En el mundo no sólo de los escritores, sino del lenguaje en general, no se puede evitar la abrumadora realidad del lenguaje visual, y un escritor como Sabato no quiso quedarse “mudo” en este particular mundo de la creación gráfica, de una semiótica “Sabatiana” que materializa un mundo desgarrador y de un peso existencial que en su obra a veces me recuerda al expresionismo de “El Grito” de Edvard Munch.
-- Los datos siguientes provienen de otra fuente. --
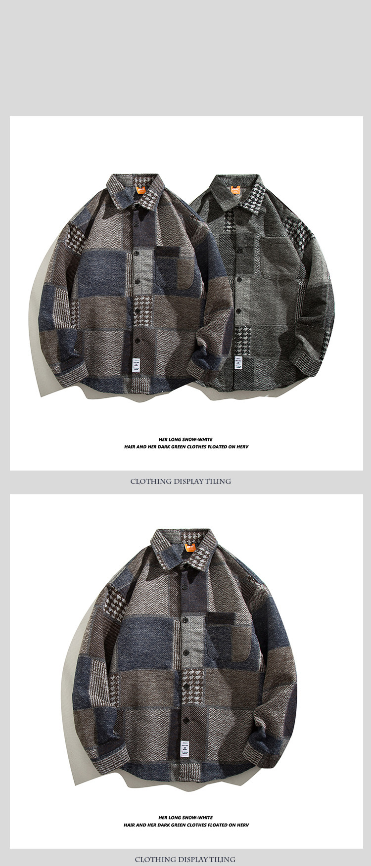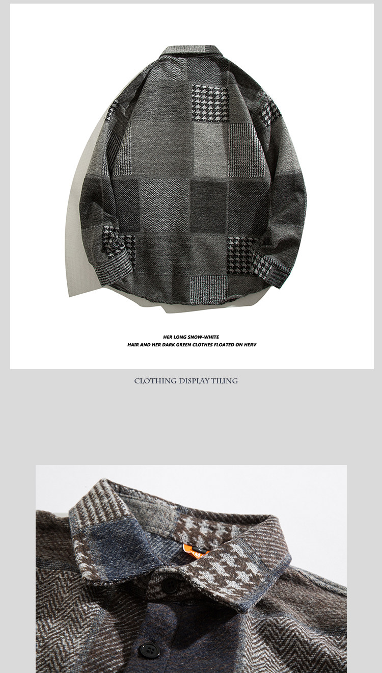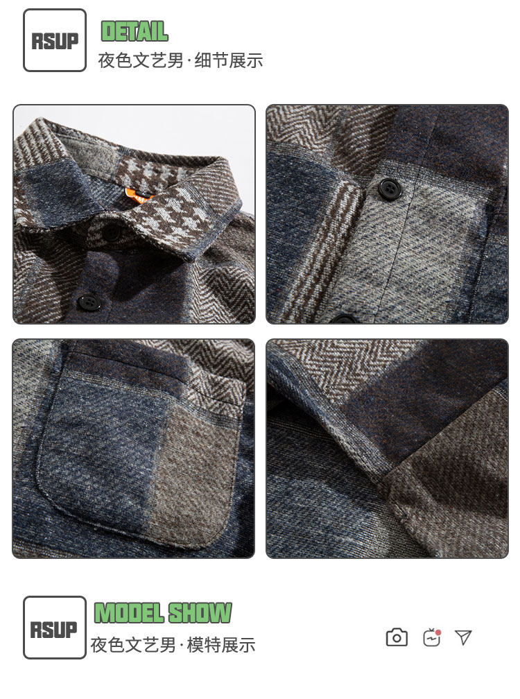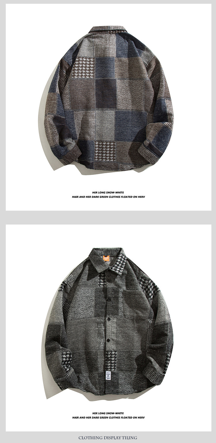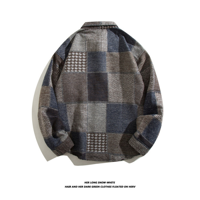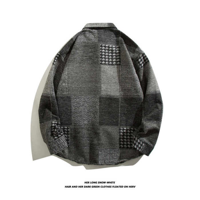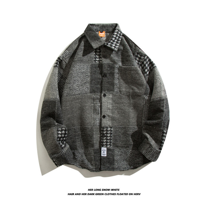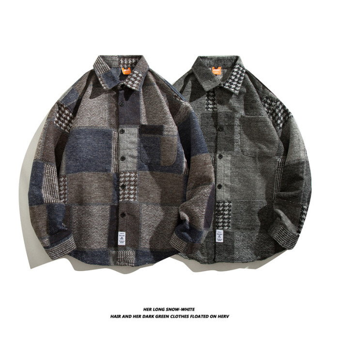 日系復古拼接格子襯衫男士長袖休閒百搭毛呢襯衣外穿痞帥ins潮流

El mismo Nietzsche compuso música, y esas incursiones en lenguajes que podrían sonar ajenos en filósofos y escritores, son más bien un medio de “desborde” para expresar aquello para lo que las palabras no alcanzan, en un acto de significar con arrojo y valentía en un terreno alternativo.
Llegamos al final de este pequeño viaje, desde nuestra partida de la estación de Santos Lugares, un poco triste porque hay tanto qué decir de Ernesto Sabato, y ningún homenaje estará jamás a su altura; como él decía: “…como cuando se muere alguien que queremos mucho, cuando comprendemos que las palabras son irrisorias, o torpemente ineficaces.” Pero también contento, porque con su partida ha revivido un universo que, si calla de vez en vez, también sabemos que toma su turno para surgir por encima de nuestras conciencias, y orientarnos en los más intrincados laberintos de nuestra existencia.
Nota: Escribo “Sabato” sin la tilde, aunque es una palabra esdrújula, porque el mismo autor no la agregaba.